PARIS : Nicolas JEFFS : « On organise par la loi une crise…
Partager :

PARIS : Nicolas JEFFS : « On organise par la loi une crise du logement évitable »
L’expert immobilier Nicolas Jeffs alerte sur l’échéance du DPE de janvier 2028, qui menace de provoquer une crise du logement sans précédent.
Dans une tribune transmise à la presse, le spécialiste immobilier, diagnostiqueur et auditeur énergétique Nicolas Jeffs tire la sonnette d’alarme sur les conséquences des réformes successives du Diagnostic de Performance Énergétique (DPE). Conçu à l’origine comme un simple outil informatif, il s’est transformé en un redoutable instrument de sélection, voire d’exclusion, de millions de biens du parc locatif français. L’expert dénonce une bombe à retardement réglementaire dont l’échéance de janvier 2028 pourrait déstabiliser durablement le marché du logement.
« Le Diagnostic de Performance Énergétique devait être un simple outil d’information au service des acheteurs et des locataires. Il est devenu, au fil des réformes, un puissant instrument de sélection », analyse Nicolas Jeffs.
Le précédent des logements G, un avertissement ignoré
L’interdiction de louer les logements classés G, effective depuis le 1er janvier 2025, a servi de galop d’essai et a révélé les failles de la méthode. Cette mesure a touché près de 1,5 million de biens, provoquant une onde de choc pour de nombreux propriétaires.
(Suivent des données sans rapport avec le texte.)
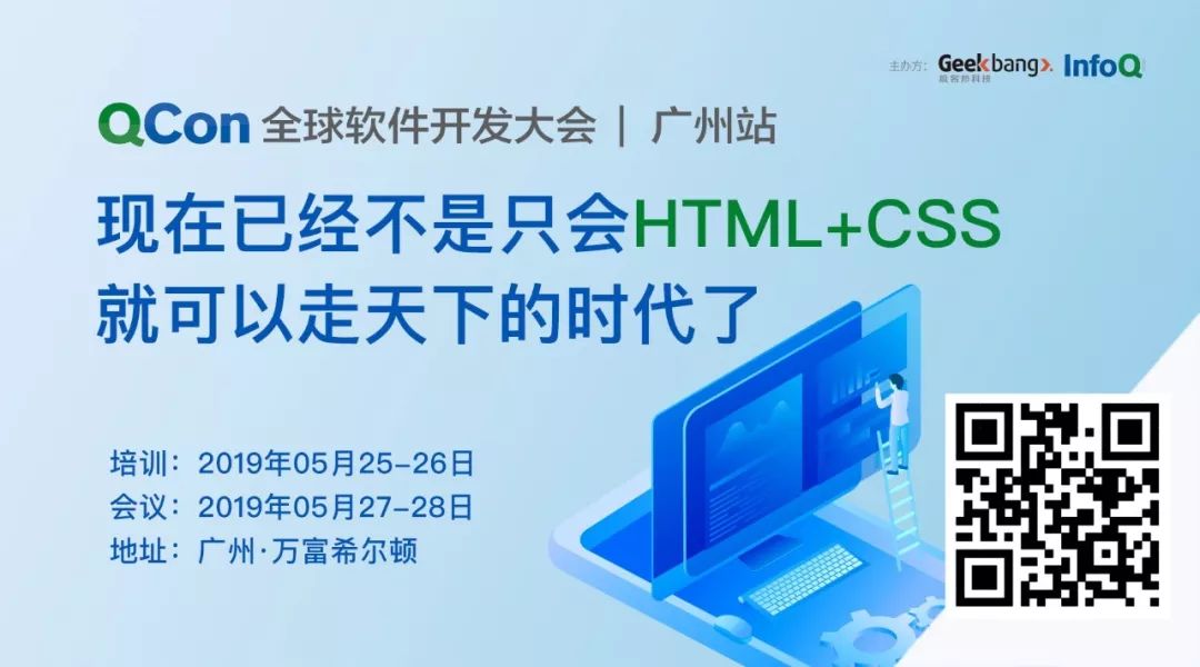 更多大前端、移动开发、编程语言相关实践领域尽在 QCon 广州 2019,感兴趣的同学抓紧时间向 Boss 申请报名,有任何问题请联系小助手鱼丸,电话:13269078023 (微信同)。扫描下方二维码或点击阅读原文,提前 get 干货信息!

Selon l’expert, la réalité a été brutale : « une dépréciation pouvant atteindre 20 % à la vente », des ventes contraintes dans l’urgence et des lancements de travaux de rénovation coûteux, souvent sans garantie de résultat.
Face au risque de pénurie locative, le gouvernement a finalement ajusté tardivement la méthode de calcul du DPE, permettant à certains biens de regagner la classe F. Un correctif qui, pour Nicolas Jeffs, illustre l’impréparation des pouvoirs publics. « Mais ces aménagements sont arrivés trop tard : ceux qui avaient anticipé ont payé le prix fort, tandis que les règles évoluaient en cours de route », déplore-t-il.
Janvier 2028 : une menace systémique quatre fois plus grande
Le scénario de 2025 risque de se répéter à une échelle bien plus massive. En janvier 2028, ce sera au tour des logements classés F d’être interdits à la location. Or, le volume concerné n’est plus le même : il s’agit cette fois de 4 à 5 millions de logements, soit une part considérable du parc locatif privé français.
« Allons-nous vraiment accepter un retrait aussi massif du parc locatif ? Ou serons-nous, comme pour les G, contraints de corriger la trajectoire dans l’urgence ? », s’interroge Nicolas Jeffs. Il souligne que cette mesure s’ajoute à un environnement déjà difficile pour les bailleurs, marqué par l’encadrement des loyers, l’instabilité fiscale et la complexification des normes. Pour lui, le cumul de ces contraintes fragilise l’offre de logements disponibles.
Changer de cap : inciter plutôt que sanctionner
Face à ce mur réglementaire, l’expert appelle à une révision profonde de la stratégie. Il estime qu’il est encore temps d’éviter une crise majeure en remplaçant la logique de sanction par une politique d’incitation et d’accompagnement.
« Plutôt que d’interdire, il faut accompagner. Plutôt que de sanctionner, il faut inciter », insiste Nicolas Jeffs. Cela passe par la mise en place d’un calendrier de rénovation réaliste, la création d’aides financières réellement accessibles pour les propriétaires et une politique globale cohérente avec les capacités techniques et humaines du secteur du bâtiment.
L’enjeu dépasse la seule question écologique. « Elle est devenue sociale, économique et politique. Elle engage notre capacité collective à loger dignement les Français », conclut-il. Sans un changement de cap rapide, l’échéance de 2028 ne sera pas une simple date administrative, mais le point culminant d’une « crise du logement évitable, organisée par la loi ».